The sterile hum of the hospital room grated on my nerves, a grim backdrop to my mother' s shallow breaths. I clung to her frail hand, praying each rise and fall of her chest wouldn't be her last.
But then my phone buzzed, pulling me into a different kind of nightmare: a photo of my wife, Sarah, draped provocatively over a junk car, sent by Jake, her "creative director."
My blood ran cold. Sarah, my Sarah, looking cheap and available, with Jake' s smug caption about "pushing boundaries."
Then came his direct message-another photo, Sarah' s eyes closed, her lipstick smeared, and Jake' s hand on her bare shoulder, possessive.
Below it, a single line that ripped through me: "Wish you were here? Don't worry, I'm taking good care of her."
Rage flooded my chest, hot and acidic. I called Sarah, my voice shaking, begging her to come, to say goodbye to my dying mother.

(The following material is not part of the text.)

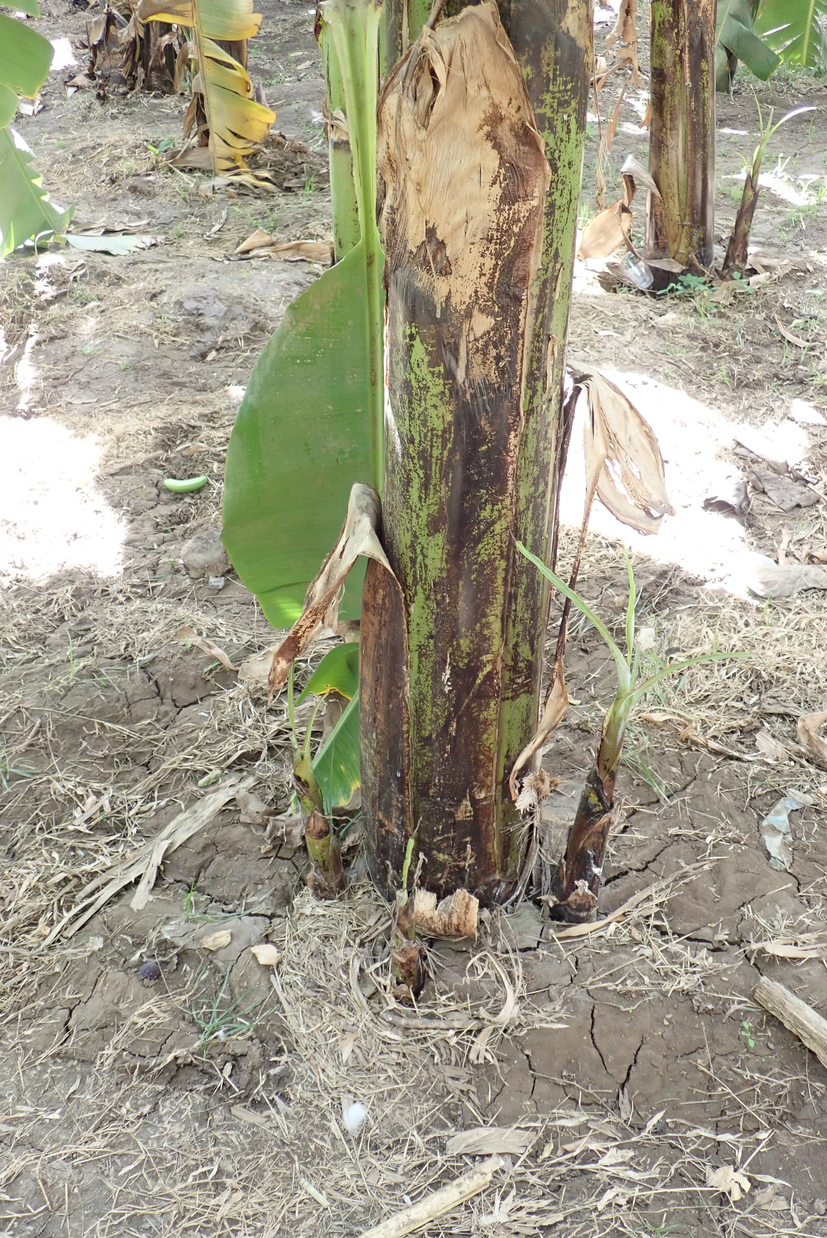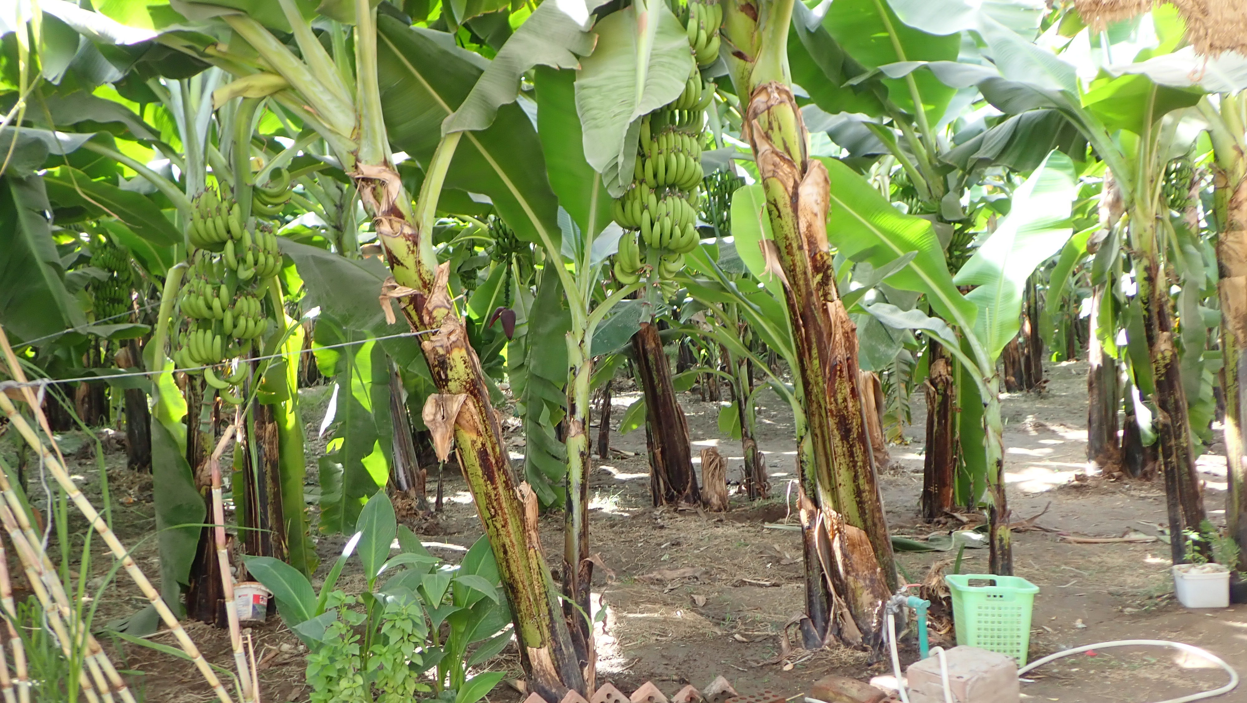 バナナの収穫は2-3月に行い、収穫後35日は一切の水を断ちます。病気に冒されていないかぎり完全伐採はせず、バナナの木の上側1/3だけを切り捨て、残りの栄養で周りに生えて来る新芽を育てます。

"I can't just leave, Alex," she snapped, her voice sharp with impatience. "This is Jake's big break. Everything is riding on this. I can't let him down."
"Your mother-in-law is dying," I whispered, disbelief choking me. "My mother is dying."
"And what do you want me to do about it?" she sneered. "Hold her hand? It's not like she ever liked me anyway. I' ll be there when it' s over. Just... handle it. I have to go."
The line went dead, her cruel words echoing in the suffocating quiet of the hospital corridor.
Moments later, the doctor delivered the news: she was gone. My world went silent.
Then, my phone buzzed again, an Instagram notification: "Sarah.Evans and Jake.Creates are now live."
I clicked it, a hollowed-out shell of a man, watching my wife celebrate with her lover while my mother's body grew cold in the room behind me.
They celebrated their "win" with champagne, Sarah screaming, "To us! To the win!" as Jake leaned in for a long, deep kiss, for the whole world to see.
Why? Why did she choose him? Why did she treat my mother with such contempt in her final hours?
The answer lay buried in years of betrayal, starting even before our wedding day. And now, I would unearth every dirty secret, even if it meant tearing my own life apart.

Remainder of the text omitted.